Less Room to Respond to Emergencies
Recessions, pandemics, natural disasters, and military conflicts all require governments to spend heavily in a short window. A country carrying moderate debt can borrow quickly to fund stimulus checks, emergency relief, or a military buildup, then pay down the balance once the crisis passes. A country already deep in debt has far less flexibility.
Part of the constraint is mechanical. The debt ceiling restricts how much the Treasury can borrow at any given time, and political fights over raising it become more fraught as the total debt grows. But the deeper issue is financial. When debt is already high and interest costs are already consuming a large share of the budget, new borrowing adds interest on top of interest. Investors may also demand higher rates to lend to a government they see as increasingly stretched, making emergency borrowing more expensive precisely when it’s most needed.
A higher debt-to-GDP ratio signals to lenders and rating agencies that a country may struggle to repay. That perception alone can raise borrowing costs and narrow the government’s options during a downturn.

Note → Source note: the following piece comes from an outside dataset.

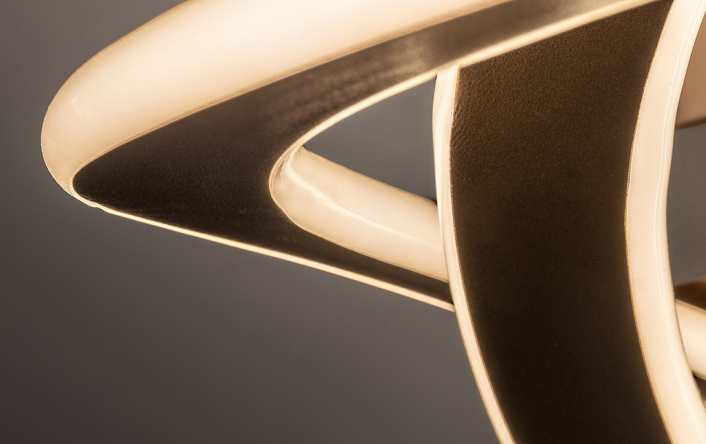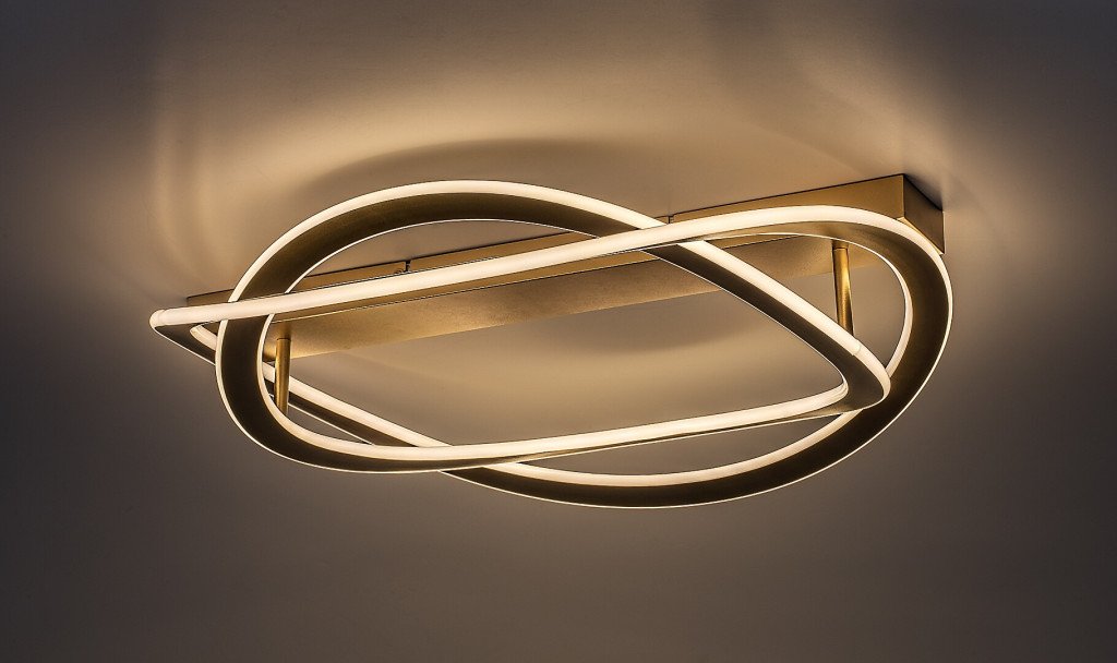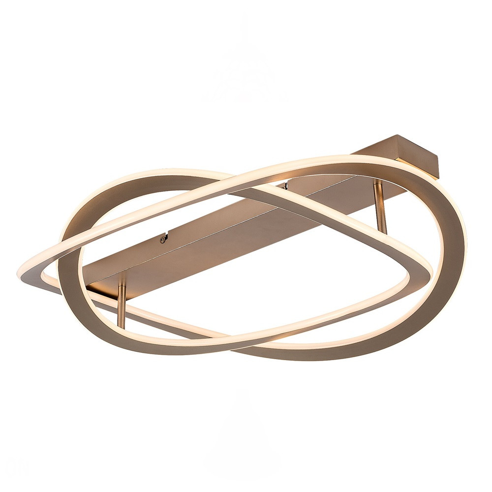Arany színű fém vázas mennyezeti lámpa, ívelt, fehér szilikon betétes búrával, meleg fehér színhőmérsékletű beépített LED fényforrással.

Credit Downgrades and Dollar Risks
The United States has already had its credit rating downgraded twice, a once-unthinkable event. These downgrades matter because they signal to global investors that U.S. debt carries more risk than it used to. When investors perceive more risk, they demand higher returns, which raises the interest rate the government has to pay on new borrowing, and those higher rates ripple through the rest of the economy.
CBO has also warned that high and rising debt could erode confidence in the U.S. dollar as the world’s dominant reserve currency. The dollar’s reserve status gives the U.S. enormous advantages: it keeps demand for Treasury bonds high, holds down borrowing costs, and gives American consumers access to cheaper imports. If foreign governments and central banks begin diversifying away from the dollar, even gradually, those advantages shrink. Fitch, one of the major rating agencies, explicitly cited declining “coherence and credibility of policymaking” as a threat to the dollar’s reserve status when it downgraded U.S. debt.
The Risk of a Fiscal Crisis
The most severe scenario, and the hardest to predict, is a fiscal crisis: a sudden loss of investor confidence in the government’s ability to manage its debt. In such an event, interest rates would spike abruptly, the cost of rolling over existing debt would soar, and financial markets would face serious disruption. CBO identifies growing federal debt as a factor that increases this risk over time.
A fiscal crisis doesn’t arrive with a warning. Countries that experience them often look stable right up until the moment they don’t. The U.S. benefits from deep capital markets, a strong legal system, and the dollar’s global role, all of which provide a substantial buffer. But none of those advantages are guaranteed to hold indefinitely if debt continues growing faster than the economy. The larger the debt becomes relative to GDP, the smaller the margin for error and the greater the consequences if confidence breaks.